Open conversation among plant operators, management, and suppliers breaks the deadlock. Sharing minor mishaps up front—like a sticky pump or a misread pressure gauge—builds trust. New Standard Operating Procedures should include actual operator feedback and lessons learned, not just reprints from a vendor PDF. With feedback loops built in, adjustments can be made on the fly, rather than waiting for quarterly reviews. That’s where the biggest gains in adoption actually come from: stubborn, real-world problem solving, not from top-down mandates.
In plants reporting their solvent changeovers, productivity metrics tell an interesting story. Downtime linked to cleaning and changeovers fell, sometimes by double digits, according to production records I’ve reviewed. Fewer service calls on exhaust systems, thanks to lower vapor loads, translated to maintenance savings. Employee turnover in certain roles ticked lower, an indirect effect but one reported by supervisors running regular check-ins after big chemical changes. While not true everywhere, the trend lines show that small upstream investments—training, supply chain tweaks, trial batches—pay off through fewer late-stage hiccups and smoother day-to-day runs.
Health and safety bulletins don’t just paint a regulatory win. Crews reported a drop in complaints over headaches and eye irritation—clear signals that air quality, even outside strict compliance bands, improved. For the long haul, workplace surveys and exit interviews revealed a greater willingness to recommend their company as a safe place to work. Public trust and internal culture build up in the background with these changes; over time, such shifts become hard to ignore in competitive hiring markets and customer perception surveys.

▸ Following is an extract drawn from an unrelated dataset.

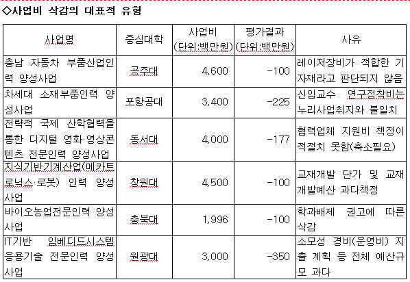 »ç¾÷ºñ »è°¨Àº »ç¾÷½ÇÀû°ú´Â º°µµ·Î »ç¾÷ºñ ÁýÇà°èȹÀ» ¹«¸®ÇÏ°Ô Á¦ÃâÇÑ »ç¾÷´ÜÀÌ ÁַΠöÅ𸦠¸ÂÀº °ÍÀ¸·Î ³ªÅ¸³µ´Ù. ´©¸®»ç¾÷Àº ±×µ¿¾È ´ëÇÐ ±¸Á¶°³Çõ ÃËÁø µîÀÇ ¼º°ú¿¡µµ ºÒ±¸Çϰí ÀϺΠ´ëÇеéÀÌ Á¤ºÎÀÇ Áö¿ø±ÝÀ» Ÿ³½ µÚ ¹æ¸¸ÇÏ°Ô »ç¿ëÇÏ´Â µîÀÇ ¹®Á¦Á¡ÀÌ ÁöÀûµÅ¿Ô´Ù.

All things considered, Butyl Lactate doesn’t splash across headlines. Its name is rarely plastered across magazine covers or commercial jingles, but, in the trenches of manufacturing, it punches above its weight. From what I’ve seen, it lets companies walk the line between tough industrial requirements and rising calls for worker safety, sustainability, and transparency. Switching to this solvent means more than chasing a trend—it’s about walking out of the shop at the end of a shift with cleaner air, safer habits, and one less regulatory puzzle to solve. If the move toward greener, efficient production keeps picking up speed, expect Butyl Lactate to keep finding its way into more toolkits, quietly improving life for both workers and customers, one batch at a time.